P-DIFF+: Improving Learning Classifier with Noisy Labels by Noisy Negative Learning Loss

Neural Networks Paper link

Contents

  1. Requirements
  2. Dataset
  3. Folders
  4. How-to-train
  5. Usage-of-P-DIFF-layer
  6. Complexity-of-P-DIFF
  7. Experiment-environment
  8. Experiment-settings
  9. Model-list

Requirements

  1. Python
  2. Caffe

Dataset

Training and Testing dataset:

  1. mnist
  2. cifar10
  3. cifar100
  4. [miniimage]
  5. Cloth1M

Folders

The structure of code folders:

Dataset Description
README.md The detailed instruction for P-DIFF reproduction.
train.sh The training entry script of P-DIFF.
test.sh The testing entry script of P-DIFF.
caffe The compiled official caffe repo.
code Some data downloading and processing codes saved in this folder.
data The training and testing datasets used in paper.
layer The implement of P-DIFF layer in caffe.
log The folder used to save training logs.
models The folder used to save training models.
prototxt The prototxt files used to train or test models in different datasets.

How-to-train

We demostrate the training process of cifar10 dataset contains 50% symmetry noise

Pipeline:

Step 1. Clone caffe repo to ./caffe folder and compile it after install its requirements.
        cd caffe
        mkdir build
        cd build
        cmake ..
        make -j8

Step 2. Add P-DIFF layer to caffe layers and recompile caffe project.

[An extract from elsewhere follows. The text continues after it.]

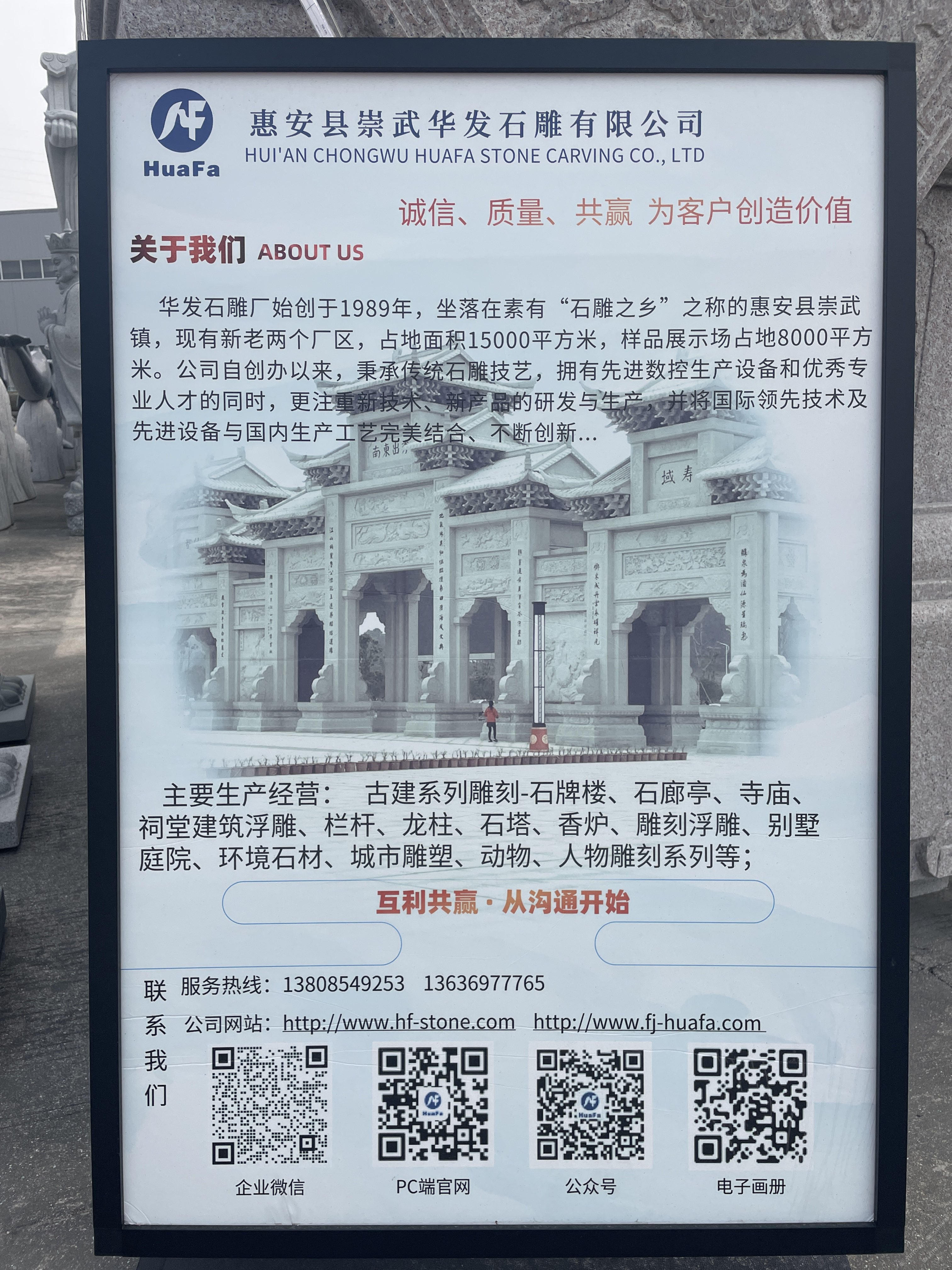 華發(fā)石雕廠始創(chuàng)于1989年,現(xiàn)有新老兩個廠區(qū),占地面積15000平方米,樣品展示場占地8000平方米。公司自創(chuàng)辦以來,秉承傳統(tǒng)石雕技藝,匯集了一批專業(yè)技術(shù)人才,企業(yè)實(shí)行科學(xué)的質(zhì)量管理體系。

Step 3. Download mnist, cifar-10, cifar-100 and cloth1m datasets.(You can contact the author to download miniimage)
        python ./code/download.py --dataset=cifar10

Step 4. Corrupt the labels of training dataset by using ./code/corrupt.py script
        python ./code/corrupt.py --dataset=cifar10 --noise_type=SYMMETRY --noise_rate=0.50

Step 5. Generate respective lmdb by using caffe's converting tool(need multi-label supporting).
        bash ./code/convert.sh cifar10 SYMMETRY 50

Step 6. Configure the training dataset path in train_val.prototxt file.
        edit the parameters of ${noise_type}, ${noise_rate} and p_diff_layer in ./prototxt/train_val.prototxt.cifar10
Step 7. Train the dataset by using command of caffe.
        bash ./train.sh cifar10

Step 8. Test the dataset by using command of caffe.
        bash ./test.sh cifar10 SYMMETRY 50

Usage-of-P-DIFF-layer

The usage of P-DIFF layer in train_val.prototxt is described below:

layer {
  name: "fix_prob"
  type: "PDIFF"

  # input of this layer
  # bottom[0] is used for the forward of network
  bottom: "prob"

  # bottom[1] is used for computing sample weight, which could be different from bottom[0]
  bottom: "prob"

  # bottom[2] is the class label which indicate the sample's category
  bottom: "label000"

  # bottom[3](optional) is the noise label which indicate whether the sample is noise,
  # just used for drawing pdf_clean and pdf_noise, not used for training.
  # The second label is generated by multi-label lmdb converter.
  # We can discard this input in general.
  #bottom: "label001"

  # output of this layer
  top: "fix_prob"

  # parameters of this layer
  p_diff_param {
    # We use a queue the maintain the delta distribution, the size of queue is slide_batch_num x batch_size
    slide_batch_num: 100

    # The iteration number per epoch
    # Its value equal to total training samples number divide batch_size
    # Here is 50,000 / 128
    epoch_iters: 390

    # This is the switch whether use auto noise method:
    # "on" means this layer will compute a noise rate automatically,
    # "off" means this layer will use a specific noise rate.
    use_auto_noise_ratio: false

    # if the switch of use_auto_noise_ratio is off, we need to set the specific noise rate.
    noise_ratio: 0.50

    # print some training information, like noise rate, threshold of zeta, pcf, weight, etc.
    # which are used for debugging and draw figures.
    # we turn off this switch usually.
    #debug: true
    # this is the prefix of log file name, which stored the information under debug mode.
    #debug_prefix: "cifar10_noise_symmetric_50"
  }
}

Complexity

If we have known the batch size, slide batch num and bin size (200 in our training)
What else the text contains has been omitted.